From diagonalization to the real spectral theorem

Where Volume I left diagonalization

Volume I gave you diagonalization: an operator A is diagonalizable when it has an eigenbasis, so A = P D P^-1. But two things were left unsettled. First, not every operator diagonalizes at all — defective ones don't. Second, even when P exists, its columns are usually just *some* basis: not orthogonal, so P^-1 is an awkward inverse rather than a clean transpose.

The spectral theorem fixes both defects at once for a special class of operators. For these operators an orthonormal basis of eigenvectors *always* exists, so the change-of-basis matrix is an orthogonal matrix Q with Q^-1 = Q^T. Diagonalization becomes A = Q D Q^T — geometry-preserving, numerically stable, and unconditionally guaranteed.

Symmetric means self-adjoint

The special class is the symmetric (real) operators: A = A^T. The reason this matters is that symmetry is the matrix shadow of an inner-product condition. A real operator is *self-adjoint* when <Ax, y> = <x, Ay> for all x, y, and over R^n with the standard dot product that is exactly A = A^T. The spectral theorem for self-adjoint operators is best stated in this inner-product language because it is the symmetry, not the bookkeeping, that does the work.

Why eigenvalues are real (the one-line argument):

  let A v = lambda v,  v != 0.  Take the inner product with v:
      lambda <v, v>  =  <A v, v>  =  <v, A v>  =  conj(lambda) <v, v>
  since <v, v> > 0,  lambda = conj(lambda)  =>  lambda is REAL.

Why eigenvectors are orthogonal across distinct eigenvalues:

  A u = a u,  A w = b w,  a != b:
      a <u, w> = <A u, w> = <u, A w> = b <u, w>
      (a - b) <u, w> = 0   and a != b   =>   <u, w> = 0.

Self-adjointness forces real eigenvalues and orthogonal eigenvectors.

The real spectral theorem, stated and used

Putting it together: a real operator is orthogonally diagonalizable if and only if it is symmetric.
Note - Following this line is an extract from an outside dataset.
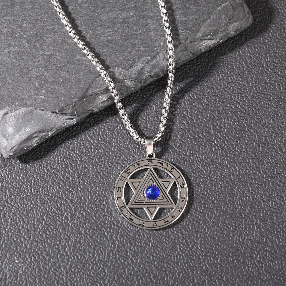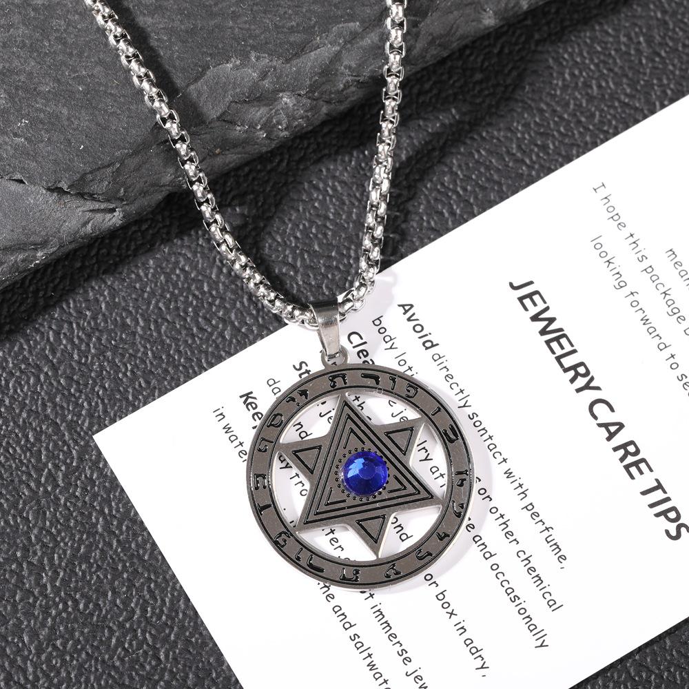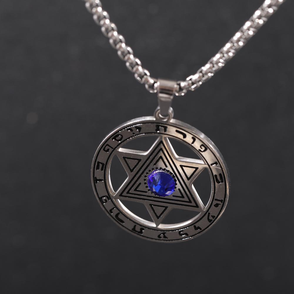 Мужское ожерелье в европейском и американском стиле «Глаз ангела и дьявола», синий бриллиант гексаграмма, украшения из титановой стали

That is the real spectral theorem, and the matrix form is the orthogonal eigendecomposition A = Q D Q^T with Q orthogonal and D real diagonal. There is no multiplicity test to pass and no field to worry about — symmetry alone delivers a full orthonormal eigenbasis, even when eigenvalues repeat.

A = [2, 1; 1, 2]            # symmetric:  A = A^T

characteristic poly: det(A - x I) = (2 - x)^2 - 1 = x^2 - 4x + 3
  eigenvalues:  lambda_1 = 3,  lambda_2 = 1   (both real, as promised)

eigenvectors:
  lambda = 3:  (A - 3I) v = 0  ->  v_1 = (1, 1)
  lambda = 1:  (A - 1I) v = 0  ->  v_2 = (1, -1)
  check <v_1, v_2> = 1 - 1 = 0   -> already orthogonal!

normalize and stack into Q:
  q_1 = (1,  1)/sqrt(2),  q_2 = (1, -1)/sqrt(2)
  Q = [ 1/sqrt2,  1/sqrt2 ;  1/sqrt2, -1/sqrt2 ]    (Q^T Q = I)

then  A = Q D Q^T  with  D = diag(3, 1).

A symmetric 2x2 diagonalized orthogonally: A = Q D Q^T.

Notice the eigenvectors came out orthogonal for free. When an eigenvalue repeats, its eigenspace is multi-dimensional and you choose any Gram-Schmidt-orthonormalized basis inside it; eigenspaces for different eigenvalues are already orthogonal, so the pieces fit together into one orthonormal eigenbasis. The subtleties of the real theorem all concern this repeated-eigenvalue freedom — we will see the complex story in Guide 2.